Сади не заметил, как тот мальчик приблизился к ним, Массис каким-то чутьем это почувствовала и сказала, не оборачиваясь:

— Да не ходи ты за мной… Это Азим, — объяснила Массис Сади. — Не бойся, он добрый и не дерется. Один раз на пляже я его ласкала, ну, гладила, он как овчарка добрый. Тогда он расплакался. А мне противно стало…

Сади было странно все это слышать — он оглянулся и увидел, что Азим опять вернулся к своему углу.

А они прошли к концу переулка и повернули обратно, в это время и женщины вышли к подъезду.
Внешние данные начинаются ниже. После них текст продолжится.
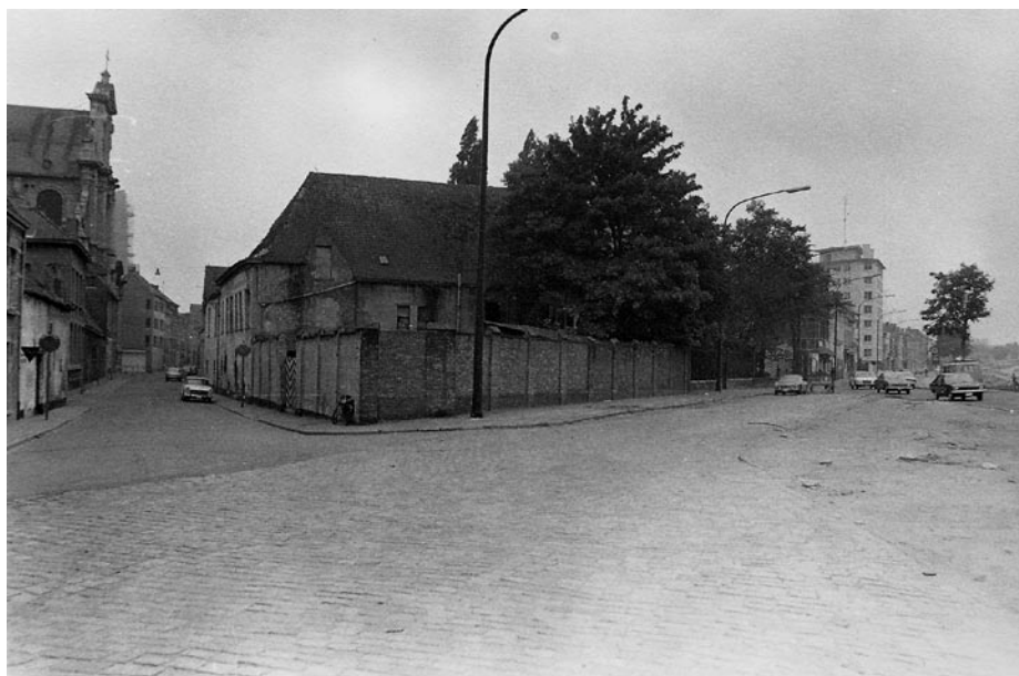
Vermoedelijk jaren '70.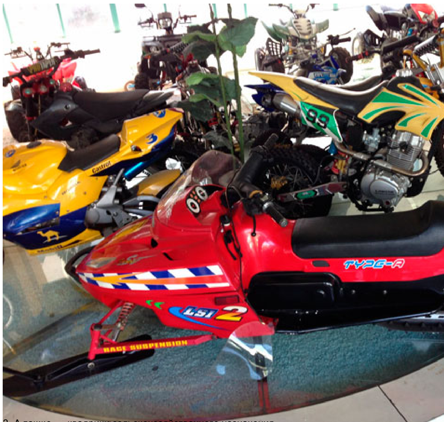
3. А также — квадрики сельскохозяйственного назначения.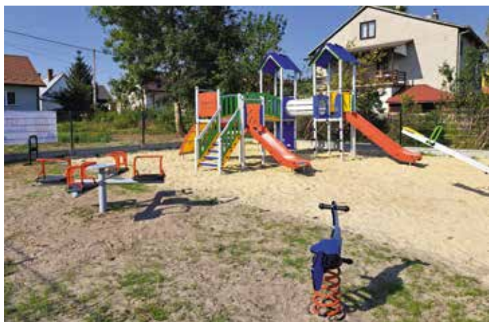
Plac zabaw Pierzchnianka

— Ну, что вам так не терпится — день раньше, день позже, — холодным, укоряющим тоном говорила Каражан матери.

— Мама, — сказала Массис и, поняв все, внимательно посмотрела на Сади. — Странно, как же они?.. — И пошла, а Сади остался стоять сконфуженный.
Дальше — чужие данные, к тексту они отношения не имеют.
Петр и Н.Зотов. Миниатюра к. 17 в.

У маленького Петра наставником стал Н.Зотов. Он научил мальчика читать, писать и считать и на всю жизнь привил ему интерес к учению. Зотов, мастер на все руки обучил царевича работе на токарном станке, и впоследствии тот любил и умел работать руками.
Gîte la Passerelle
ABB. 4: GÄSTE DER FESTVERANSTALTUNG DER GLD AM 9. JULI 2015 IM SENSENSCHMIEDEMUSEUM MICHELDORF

— Массис, с кем ты там? — спросила Каражан.

— С Сади…

— С Сади? — переспросила мать. — Это мой сын, Каражан… Дети наши познакомились, как хорошо. Всего доброго, Каражан, до встречи послезавтра…
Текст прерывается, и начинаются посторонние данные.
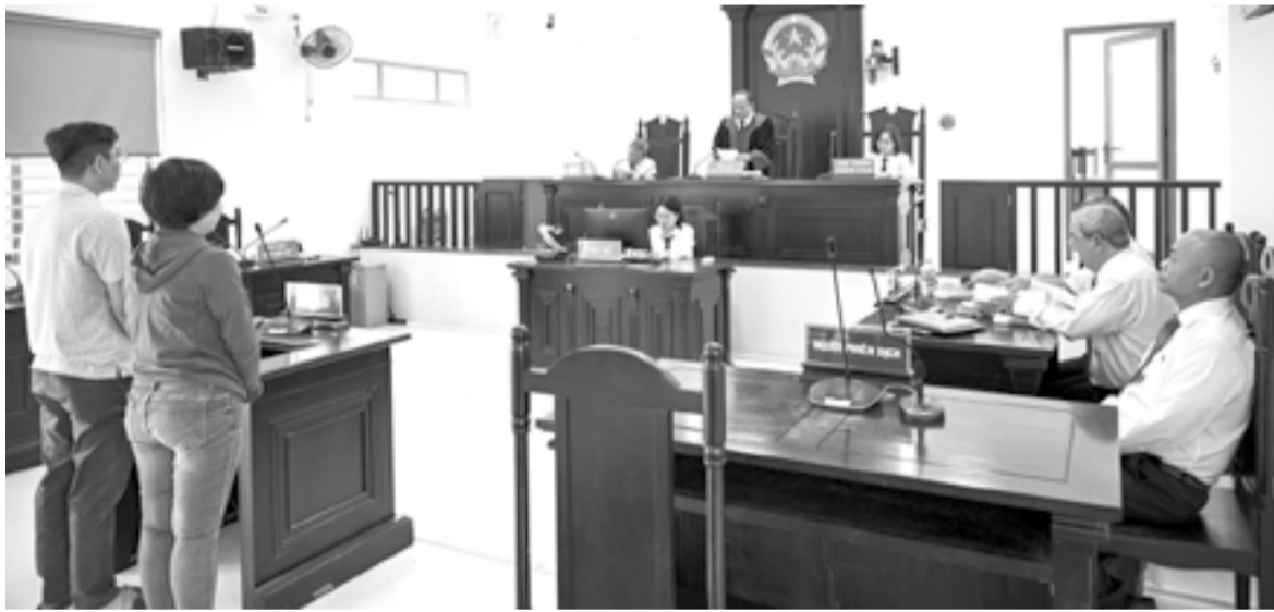
● Tòa tuyên án.

Не успели Каражан и Массис подняться к себе на этаж, как мать дала волю своему раздражению:

— Сколько спеси, боже мой! Черная вся, черная!

Ты слышал, как она со мной разговаривала?!

— Купила? — спросил, чтобы поддержать разговор, t Сади.

— Ты бы видел, какая она пришла в двадцать седьмом. Босая, стояла у ворот, вся растрепанная, немытая. Волосы я ей не могла расчесать, комки одни. Приказала снять наголо… А теперь у нее любовник.

С любовником решила посоветоваться послезавтра.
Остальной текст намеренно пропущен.